8576 :: Nim's version of the Trojan Source vulnerability

• benob (orginal) [2021-11-01T15:05:33+01:00] view original

  As described in https://blog.rust-lang.org/2021/11/01/cve-2021-42574.html

  let access_level = "user"
  
  if access_level != "user‮⁦# check if admin⁩ ⁦":
    echo "you are admin"
  else:
    echo "you are peon"
  Run

  Copy-paste the above code in a unicode-conformant editor, and run it. Chances are that it will tell you that you are an admin.

  I tested visual code and gedit to be affected, vim at least shows some garbage.

---

• DeletedUser (orginal) [2021-11-01T15:37:42+01:00] view original

  Most people would use an enum for this. If not, you would individually cover the case of the string being "admin" and all other possible values instead of assuming an invalid value to be admin.

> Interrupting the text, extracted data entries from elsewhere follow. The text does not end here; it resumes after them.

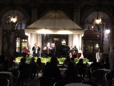 カフェフローリアンの前で生演奏をやっていて、夜はその軽快な楽曲に手拍子する大勢の観光客達と一緒になって盛り上がり楽しい時間を過ごせました。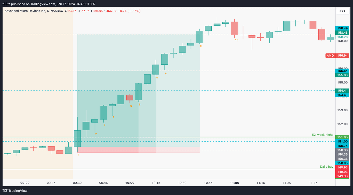 Bar 1 was our entry. Right when price reclaimed the opening print. The trade works immediately and the bar makes new 52-week highs and closes above the $151 cluttered area.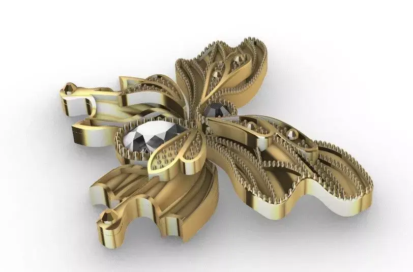 High-quality 3D model of a butterfly-shaped brooch/pendant, designed with fine ornamental details.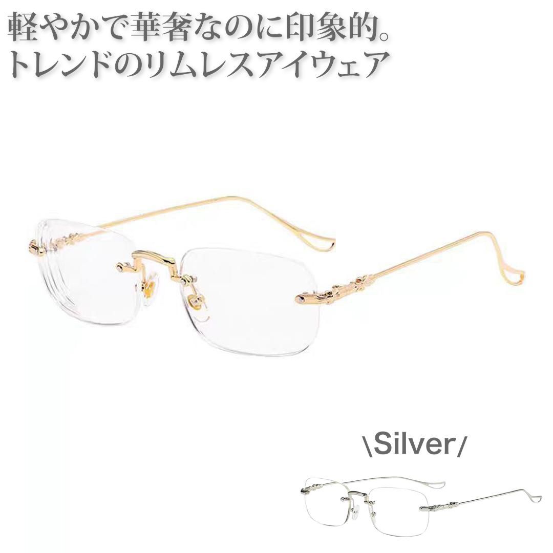 リムレス メガネ 伊達メガネ スクエア 韓国 y2k 90s 軽量 おしゃれ 高見え シルバー ゴールド メンズ レディース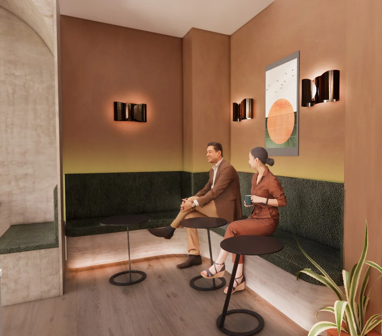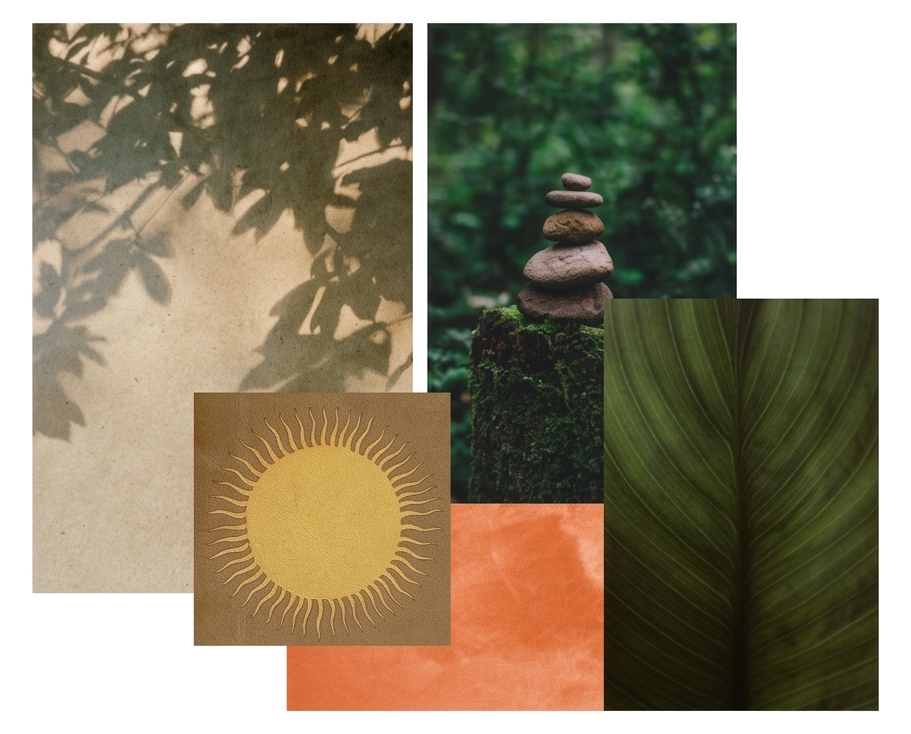 This design reimagines the historic essence of Florence’s Sant’Ambrogio through a contemporary lens, blending sharp modern lines with the organic beauty of the natural world. The moodboard captures this harmony through a palette of earthy terracottas, leathers, and verdant greens, reflecting the city’s traditional textures within a sleek, minimalist framework. By integrating rhythmic botanical motifs and dappled light, the space creates a grounding connection to the environment while honoring Florentine heritage. This aesthetic reflects a sophisticated brand development strategy that pairs mid-century Italian sensibilities with a deep appreciation for architectural frameworks found in nature. The resulting atmosphere provides a restorative experience, utilizing nature-inspired design to create a space that feels both timeless and restorative for the visitor.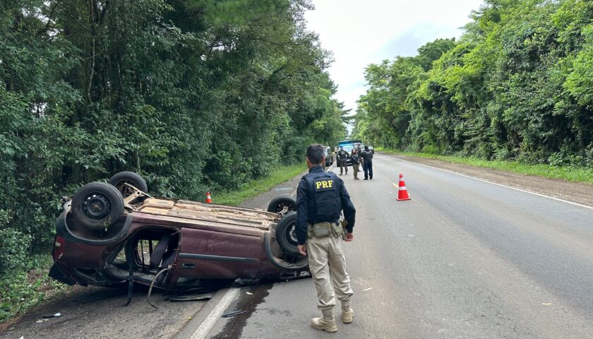 A Polícia Rodoviária Federal atendeu, neste domingo (08), a um capotamento de um carro. Uma pessoa morreu no local e outra teve lesões leves. O sinistro de trânsito aconteceu por volta das 04h40, no km 380 da BR-287, em Santiago.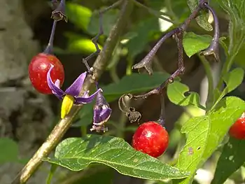 Solanum dulcamara (Bittersweet, Bitter Nightshade, Blue Bindweed, Climbing Nightshade, Fellenwort, Felonwood, Poisonberry, Poisonflower, Scarlet Berry, Snakeberry, Trailing Bittersweet, Trailing Nightshade, Violet Bloom or, Woody Nightshade) is a species of vine in the potato genus Solanum, family Solanaceae. It is native to Europe and Asia, and widely naturalised elsewhere, including North America, where it is an invasive problem weed. It occurs in a very wide range of habitats, from woodlands to scrubland, hedges and marshes.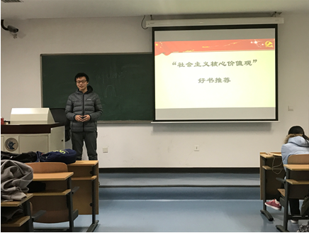班会首先由支书郭俊杉介绍了社会主义核心价值观的基本内容和好书推荐活动的要求。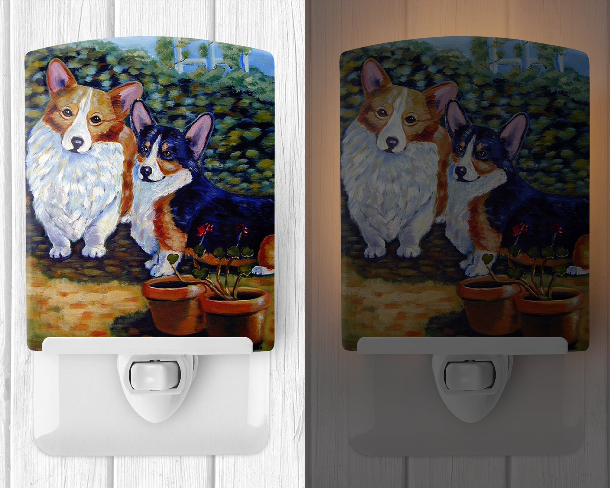 Decorate your space with our Corgi artwork on a Night Light. Introduce a splash of artistic flair and subtle illumination to your space with the Decorative Ceramic Night Light from Caroline's Treasures. Perfect for any room, this night light seamlessly blends functionality with an aesthetic appeal, offering a stylish solution to brighten up dark corners of your home or office. Boasting a six-inch high by four-inch wide ceramic tile at the front, it showcases vivid, full-color artwork from distinguished artists, transforming a simple utility into a vibrant art piece. The artwork is securely encased in a robust metal holder, ensuring durability and longevity. Two screws are provided to firmly affix the tile into the holder. The holder extends three inches deep, housing an included bulb that emits a soft, welcoming glow. This product meets all safety standards, as evidenced by its UL approval. Proudly made in the United States from imported components, this Decorative Ceramic Night Light is not just a functional device; it's a statement piece that enhances the ambiance of your surroundings.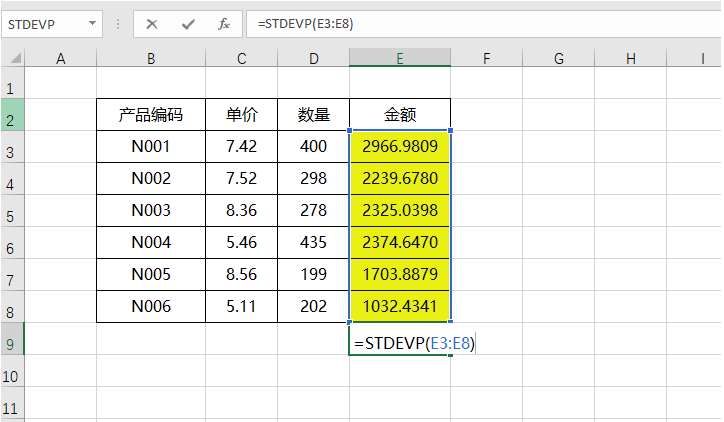 2、然后在单元格中输入“=STDEVP(E3:E8)”,按下回车键,标准差就计算出来了。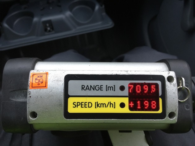 Der Verkehrsdienst der Polizei kontrollierte am Donnerstag (16. November) am Vormittag die Geschwindigkeit auf der Landesstraße 496 in Kerpen in Höhe der Autobahnanschlussstelle Türnich. Ein 26-jähriger Kerpener fuhr mit seinem Auto auf der Strecke, auf der 100 km/h erlaubt sind mit gemessenen 198 km/h. Den Fahrer erwartet nun ein Bußgeld in Höhe von 1200 Euro, Zwei Punkte im Verkehrszentralregister und ein dreimonatiges Fahrverbot. (Das beigefügte Bild zeigt die Anzeige des Lasermessgerätes)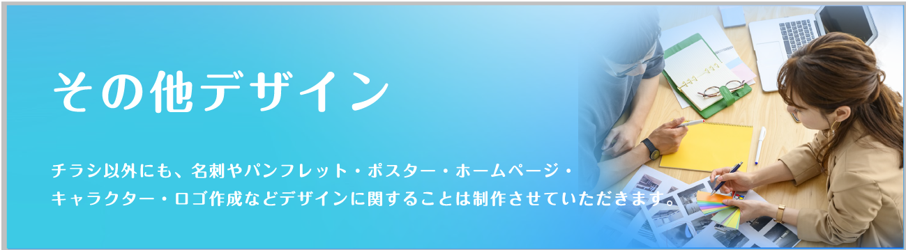 チラシ以外にも名刺作成やパンフレット、ポスター、ロゴ作成、キャラクター作成、ホームページ作成などもお受けしております。追加でご依頼の際は 一度ヒアリングをしてお客様の事を理解しておりますので、スムーズに進めることができます。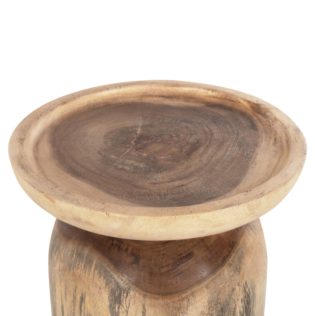 Открийте уникалната кръгла помощна маса LOKI от масивно дърво SUAR в цвят NATURAL с повърхност в стил плоча. Рустик дизайнът придава вечно и топло усещане на вашето пространство. Идеалният избор е както за дома, така и за хотели или ресторанти и др. РАЗМЕРИ: Φ30x46H см.---*Цветопредаването на продукта може леко да се различава от това, което виждате на екрана. ---*Размерите са ориентировъчни. Възможно е да има разлики в размерите на продукта поради размерите на обработената дървесина. МАТЕРИАЛИ НА ИЗРАБОТКА: Холната маса е изработена от масивно SUAR дърво. Когато говорим за масивно дърво, имаме предвид дървета, направени изцяло от ствола на дърво. Масивната дървесина е най-скъпият избор по отношение на дървесината, но се откроява със своята вечна естетика. Suar wood е дървесината на дървото Albizia Saman, понякога наричано дъждовно дърво, дърво, произхождащо от Южна Америка. Това дърво е въведено в Индонезия като плантационно дърво. Дървесината е известна под много различни имена, включително Monkeypod, Samenes Saman, Parota, South American Walnut и Acadia, както и Suar Wood. Правилно изсушено, суровото дърво е много здраво и издръжливо. Всяко парче суарско дърво е уникално. **Съществуващите пукнатини или такива, които могат да се образуват с течение на времето се дължат на свиването-разширяването на живия организъм, наречен масивна дървесина, а не са производствен дефект, придавайки оригиналност и уникален дизайн на вашето пространство. По време на производствения процес съществуващите пукнатини се изглаждат и стабилизират с материал от същата дървесина. Поради това може да има цветови вариации и разлики в размерите на продукта поради размерите на обработената дървесина. Това не са дефект на продукта. ПОДДРЪЖКА: Холната маса не се нуждае от специална поддръжка. Достатъчно е минаване с влажна кърпа, а ако има петна с нежен спрей от многото на пазара. Като цяло, дори и при петна, тайната е бързото почистване, преди дървото да има време да се "напои". *Всеки декоративен елемент от снимката на продукта не е част от него.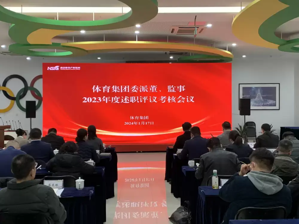 2024-01-22 1 9591月17日下午,体育集团组织召开2023年度子企业委派董、监事述职及民主评议大会。集团领导班子成员、各部门负责人、子企业班子成员参加了本次会议。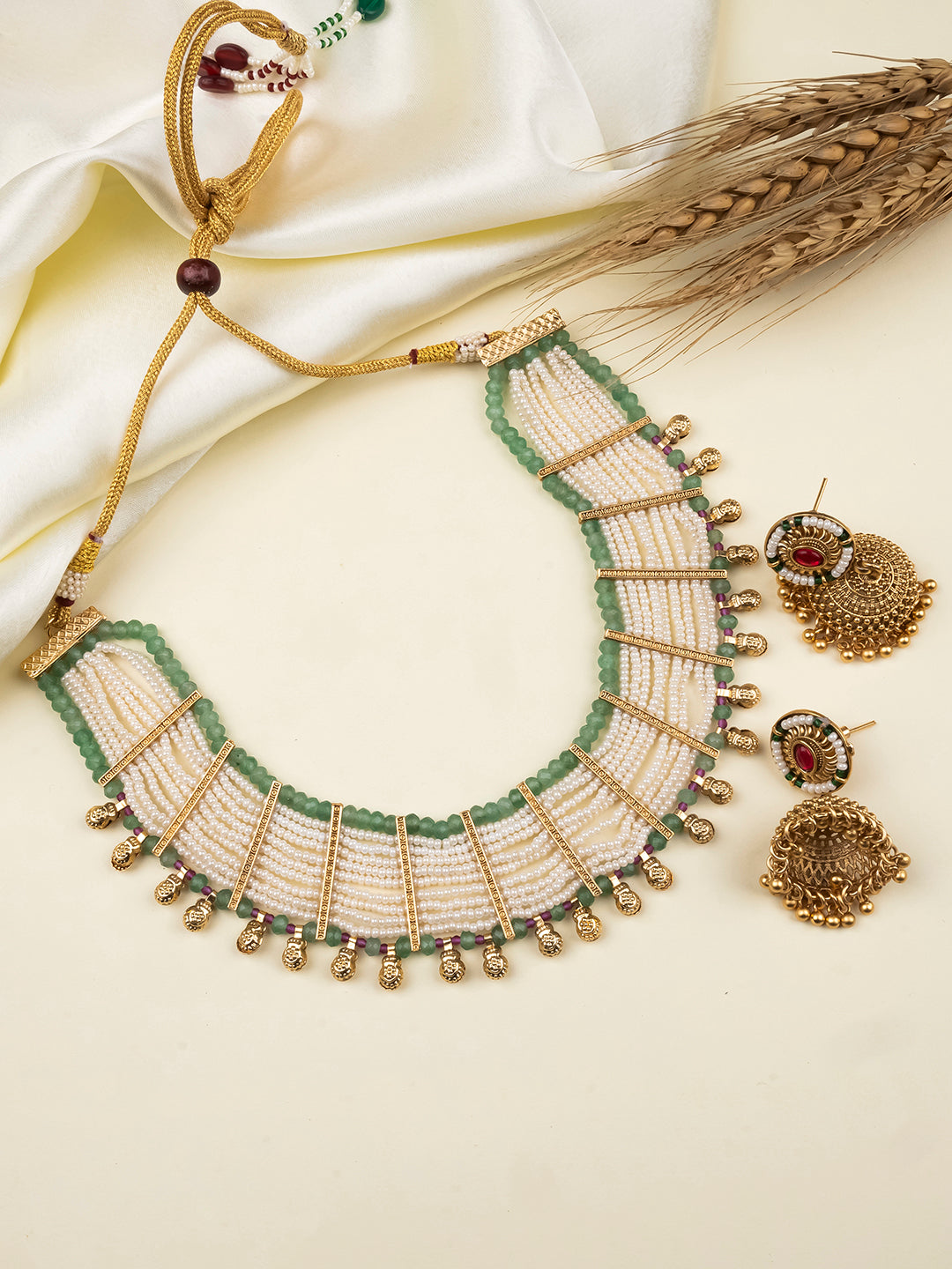This elegant choker-style Kundan Bandhai necklace is a blend of heritage design and modern finesse. Designed for brides and wedding guests, it sits beautifully on the neckline, adding a luxurious sparkle. The exquisite hand-crafted detailing ensures a graceful ethnic look.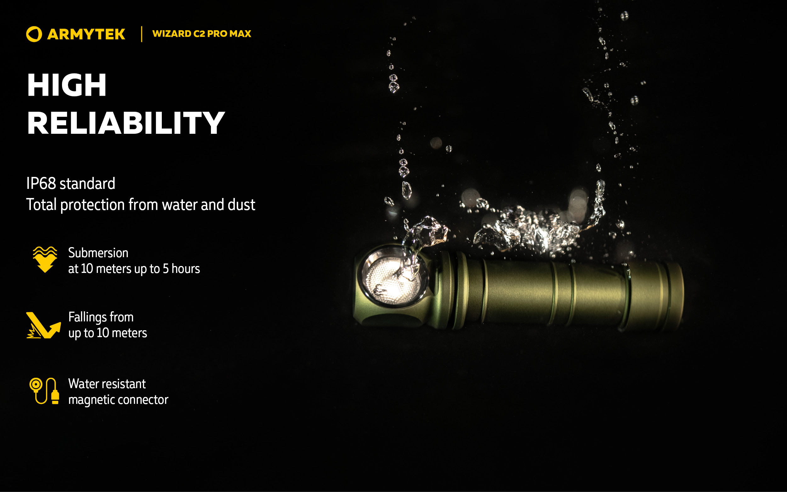 - Total protection from water, dirt and dust in accordance with IP68 standard — flashlight continues to work even after submersion at 10 meters depth. Withstands fallings from up to 10 meters.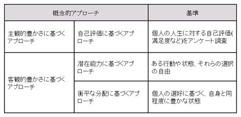 前者は人生をさまざまな「機能(行動、状態)」と「機能を選択する自由」の組み合わせであるとみなし、評価するものです。「機能」の例としては、健康であること、知識や職を有することなどが挙げられます。さらに、「機能を選択する自由」があることが、豊かであると考えます。

I would also expect editors like VS code to already highlight invisible characters. Either way though, I don't see a problem with warning for invisible characters natively, even in strings with RTL text, but I don't think it's that urgent as a security measure.

---

• benob (orginal) [2021-11-01T15:57:08+01:00] view original

  There is a more practical example in this go issue: https://github.com/golang/go/issues/20209

---

• Araq (orginal) [2021-11-01T17:58:54+01:00] view original

  User data plus login information usually lives in a database, not in Nim source code...

---

• robb1e (orginal) [2021-11-01T18:27:02+01:00] view original

  nice joke

---

• planetis (orginal) [2021-11-01T19:08:25+01:00] view original

  From the other hand, I find the if condition a joke.

---

• xigoi (orginal) [2021-11-01T19:37:02+01:00] view original

  This is a problem with editors, not languages.

---

• dwin (orginal) [2021-11-01T19:55:06+01:00] view original

  Unicode use for social engineering has been long known issue with various software. Now they have given it a cool name and logo. This is a problem for code review tools and editors to consider.

---

• kobi (orginal) [2021-11-01T20:20:11+01:00] view original

  perhaps vscode (or the plugin) should show these invisible characters. otoh, i don't think it's a priority for Nim.

---

• dom96 (orginal) [2021-11-01T20:38:54+01:00] view original

  while not a priority, I think this could be a nice easy/hacktoberfest-esque task for someone to implement detection of this in the Nim compiler :)

---

• demotomohiro (orginal) [2021-11-02T00:55:25+01:00] view original

  My Neovim displayed that code like if access_level != "user<202e> # check if admin⁩ ⁦":.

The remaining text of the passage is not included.